BMJ Case Rep. 2012 Jun 12;2012:bcr0720114476. doi: 10.1136/bcr.07.2011.4476.
A 51-year-old man presented with a focal epileptic, fluctuating encephalopathy. Antibodies to voltage-gated potassium channels (VGKC-Abs) were detected in his serum. Several features of this case were different from those previously reported in VGKC-Ab-associated encephalitis, illustrating that it may have a broader phenotype than previously documented. These features were: excess hepatic iron deposits without cirrhosis, reduced consciousness and fluctuating neurological signs. Previous history included personality change, depression, type 2 diabetes mellitus, pupil sparing third nerve palsy and epilepsy secondary to a head injury. He had never drunk alcohol and had recovered from a similar episode 4 years previously. Both episodes resolved after approximately 2 months. The cerebrospinal fluid had a raised protein content but no organisms. The patient was heterozygous for C282Y and negative for H63D mutations excluding classical idiopathic haemochromatosis. He recovered with supportive care to his premorbid level of health.

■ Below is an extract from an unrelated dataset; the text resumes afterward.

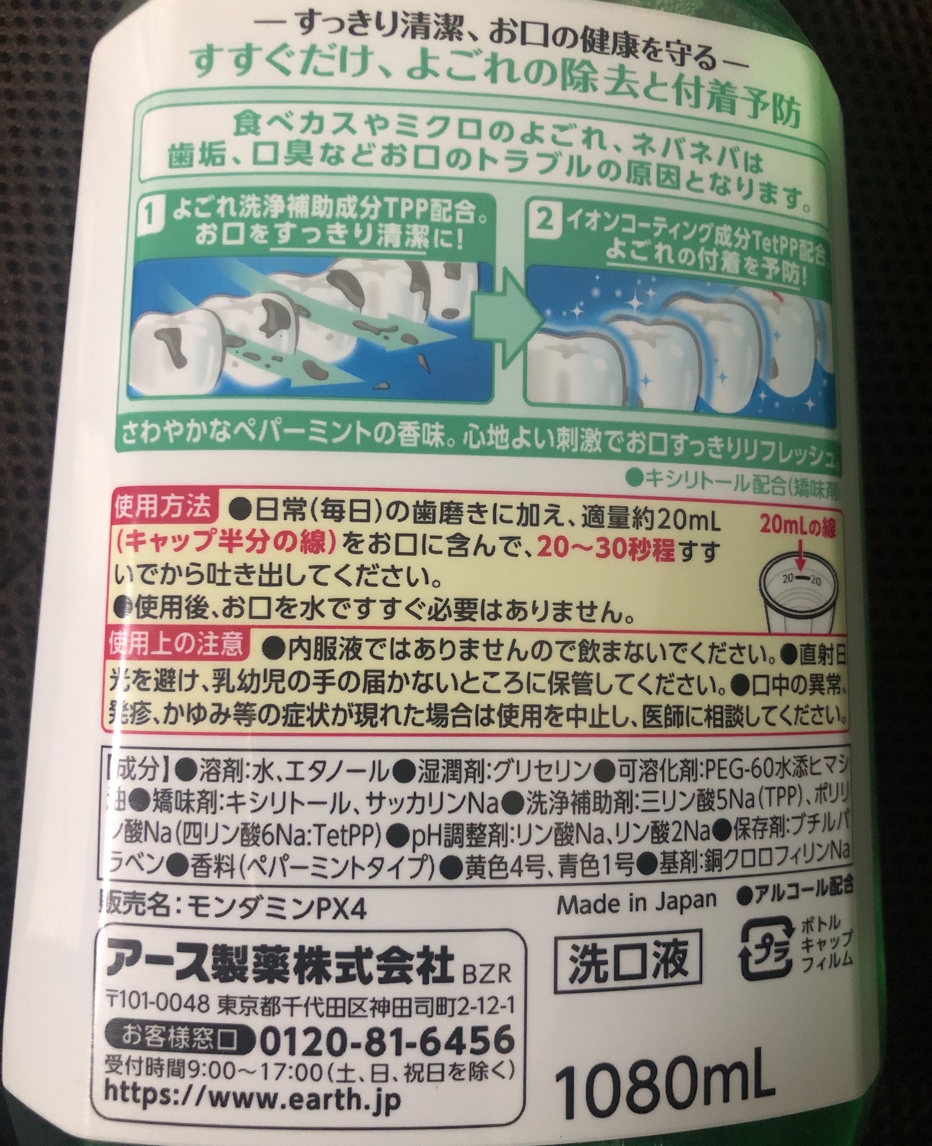 メイクをしない日があっても、歯を磨かない日はないから、息から綺麗を心がけるのも、美容やエチケットだと思うから! ペパーミントは、結構ピリピリするけど、まあまあ我慢できるくらいだと感じます(たまに、我慢できないときは水でもすすいでいます)。 大容量でコスパが嬉しいけど、場所を取るのがネックかな‥

一名51岁男性出现局灶性癫痫发作、波动性脑病。其血清中检测到电压门控钾通道抗体(VGKC-Abs)。该病例的几个特征与先前报道的VGKC-Ab相关脑炎不同,说明其可能具有比先前记录更广泛的表型。这些特征包括:无肝硬化的肝脏铁沉积过多、意识减退和波动性神经体征。既往史包括人格改变、抑郁症、2型糖尿病、动眼神经麻痹但瞳孔未受累以及头部受伤继发癫痫。他从未饮酒,4年前曾有过类似发作并已康复。两次发作均在约2个月后缓解。脑脊液蛋白含量升高但未检出病原体。患者C282Y基因杂合,H63D突变阴性,排除经典的特发性血色素沉着症。他在支持治疗下恢复到病前健康水平。